The man arrived at the emergency department of Cedars-Sinai Medical Center so dangerously short of breath that medical care was the first priority. Questions about insurance coverage had to wait.
As he was stabilized and transferred to an inpatient bed, the man gave hospital personnel his name, date of birth, Social Security number and other personal details so a file could be created. Records showed the man had been treated there before and was covered by insurance.
Or so it seemed.
Three days later, the man--who was actually posing as his brother--was discharged. The fraud came to light after the real subscriber received a statement--referring to a hospital tab for $10,000--from his carrier and challenged it.

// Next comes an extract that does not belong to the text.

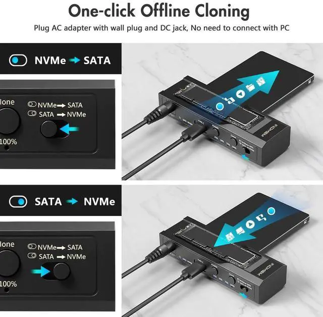 M.2 NVMe Adapter can clone SATA and SSD can clone NVMe when working.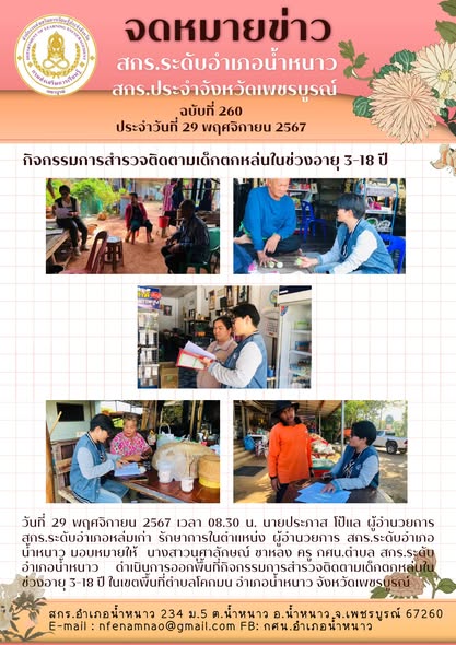 วันที่ 29 พฤศจิกายน 2567 เวลา 08.30 น. นายประภาส โป้แล ผู้อำนวยการ สกร.ระดับอำเภอหล่มเก่า รักษาการในตำแหน่ง ผู้อำนวยการ สกร.ระดับอำเภอน้ำหนาว มอบหมายให้ นางสาวนุศาลักษณ์ ซาหลง ครู กศน.ตำบล สกร.ระดับอำเภอน้ำหนาว ดำเนินการออกพื้นที่กิจกรรมการสำรวจติดตามเด็กตกหล่นในช่วงอายุ 3-18 ปี ในเขตพื้นที่ตำบลโคกมน อำเภอน้ำหนาว จังหวัดเพชรบูรณ์

Mention health care fraud--a $100-billion-a-year problem in the United States--and most people think of doctors or hospital officials inflating charges or billing for services never performed.

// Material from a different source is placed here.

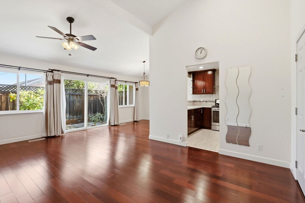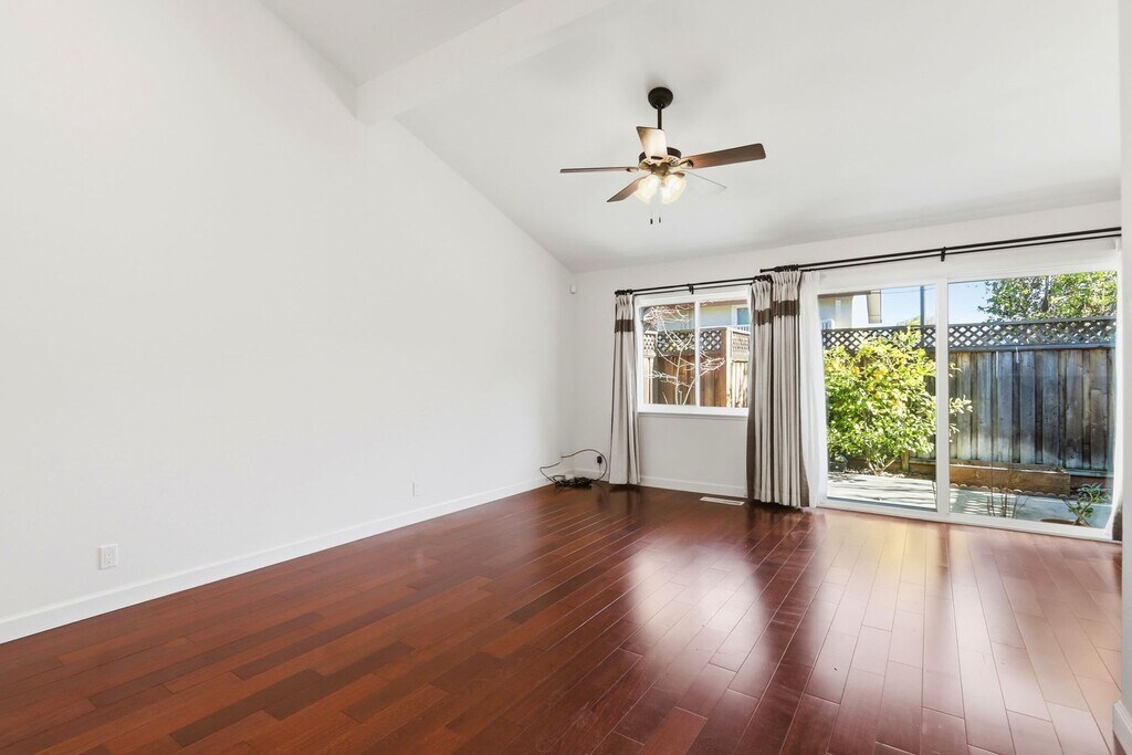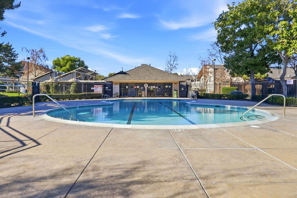 Living room with laminate floors. Kitchen granite counter tops, stainless steel appliances: refrigerator, stove, microwave, dishwasher and garbage disposal. Washer and dryer in garage. Guest parking and community swimming pool. Central A/C and heat HOA and garbage paid. Conveniently located to San Tomas Expressway.

Provider fraud is still the most prevalent type in the health care arena, but it has been on the decline.
Meanwhile, consumer health care fraud is on the rise.
In 1995, 20% of reported health care fraud cases in the United States were blamed on consumers, according to a study released in June by the Health Insurance Assn. of America, a trade group based in Washington, D.C. In 1993, just 7% of reported health care fraud cases involved consumers.

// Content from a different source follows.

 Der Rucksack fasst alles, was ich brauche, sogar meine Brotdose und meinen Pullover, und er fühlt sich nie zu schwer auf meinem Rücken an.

In the same time period, provider fraud declined from 92% of reported cases to 78%.
In 1995, health insurers investigated 5,024 cases of consumer fraud, compared to 1,151 cases in 1993, according to Thomas D. Musco of the HIAA, co-author of the study, "Health Insurers' Anti-Fraud Programs."
Some of those cases involved what the HIAA calls "false records of employment and eligibility," in which consumers borrow cards or obtain insurance information from a covered member and use it as their own, or use a card from an expired plan. Other cases involved falsifying claims and misrepresenting information on applications.
To stem consumer health care fraud, insurance companies and hospitals are stepping up anti-fraud programs. For insurance companies, the effort often involves paying closer attention to claims and record-keeping.
For hospitals, it means focusing more on identification--being sure the person who has arrived for services is indeed the same person named on the insurance card by asking for additional forms of ID, preferably including a photo, and other requests. Going even further, one Indiana hospital relies on a fingerprinting system.